# Uncoupling



## janstey (Dec 8, 2010)

Hi All, I am a newbie trying to understand the uncoupling aspect of HO model railroading. I want to be able to move cars around in a yard without physically touching the cars. My Bachmann starter set (which I have added much more track to) came with an undertrack magnet for this purpose. Out of my 5 cars, I can only uncouple one car about 50% of the time by stopping the coupler over the magnet quickly, then changing directions. The other cars refuse to uncouple. Is there a better way to uncouple cars? Thanks! JeffA


----------



## sstlaure (Oct 12, 2010)

Get a coupler gage and make sure the trip pin is set at the right height. I also use the under track magnet type, but I think I'd like the ones you turn on/off better. 

Basically you pull the coupler connection you wish to uncouple over the magnet fwd, then reverse direction just enough to create slack between the cars, then reverse direction fwd again and the (2) couplers should uncouple. 

FYI...I have much better luck with Kadee couplers than with the Bachmann plastic couplers. I've converted most of my rolling stock to Kadees.

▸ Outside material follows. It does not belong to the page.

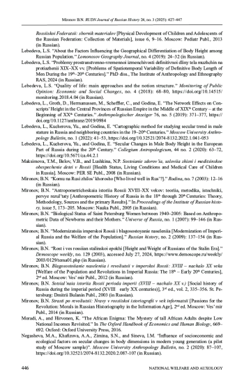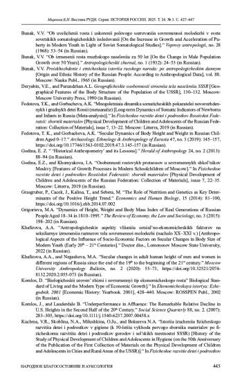 42. Lebedeva L., Kucherova Yu., Godina E. Secular Changes in Male Body Height in the European Part of Russia during the 20th Century // Collegium Antropologicum. 2020. №. 44 (2). P. 63-72. DOI: 10.5671/ca.44.2.1 EDN: TNSVQZ
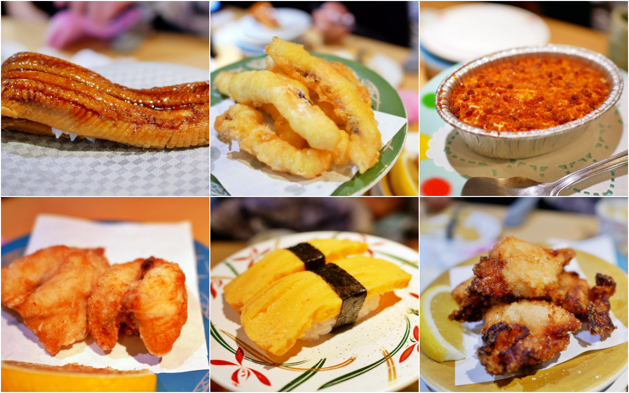 唐戶市場這裡最有名的就是河豚肉,這裡當然也有河豚壽司可以點!還有鯨魚肉也是這裡特有的,但吃起來沒什麼特別。然後還有煙燻鮭魚、我最愛的鰻魚壽司、甜蝦壽司等等….。

Also, if you're trying to do this around a curve, the radius needs to be very large. This works much better on a straight section of track.


----------



## TapRoot (Oct 3, 2010)

kadee #5's with Kadee #312 uncouplers are amazing

I even use them on 18" curves with success...


----------



## cabledawg (Nov 30, 2010)

I actually have the opposite problem in regards to Bachmann vs Kadee. My Kadee #148's have such sharp details that the couplers will hang up on each other at the end lip of the knuckle. The Bachmann plastic couplers dont have such a sharp lip that they come apart quite easily. But this is also an issue when running slow over the magnet unless I have alot of cars together. And you do have to watch those trip pins. Too high and they wont work as they should, but too low and they can short the track when they pass over a turnout. Lets just say it took me a few minutes to find that one :laugh:


----------



## shaygetz (Sep 23, 2007)

I stopped using magnets long ago, switching to those long sandwich toothpicks with the curly cellophane hairdos...knuckle or horn/hook...just drop the point between the couplers and give them a clockwise twist. Works all day every day with no fuss.


----------



## nsr_civic (Jun 21, 2010)

just an idea for the more advanced dcc user.!
http://www.dccuncoupling.com/page1.htm


----------



## mr_x_ite_ment (Jun 22, 2009)

I do like shay said...just insert a skinny, sharp-pointed pick of some kind in between the couplers with a clock-wise twist. Works quite well.


----------



## jzrouterman (Nov 27, 2010)

mr_x_ite_ment said:


> I do like shay said...just insert a skinny, sharp-pointed pick of some kind in between the couplers with a clock-wise twist. Works quite well.


I'm to this point as well. I use an uncoupling tool. I stick it in between the couplers, and like Shay, I turn it clockwise, and presto! It works very well.

Routerman


----------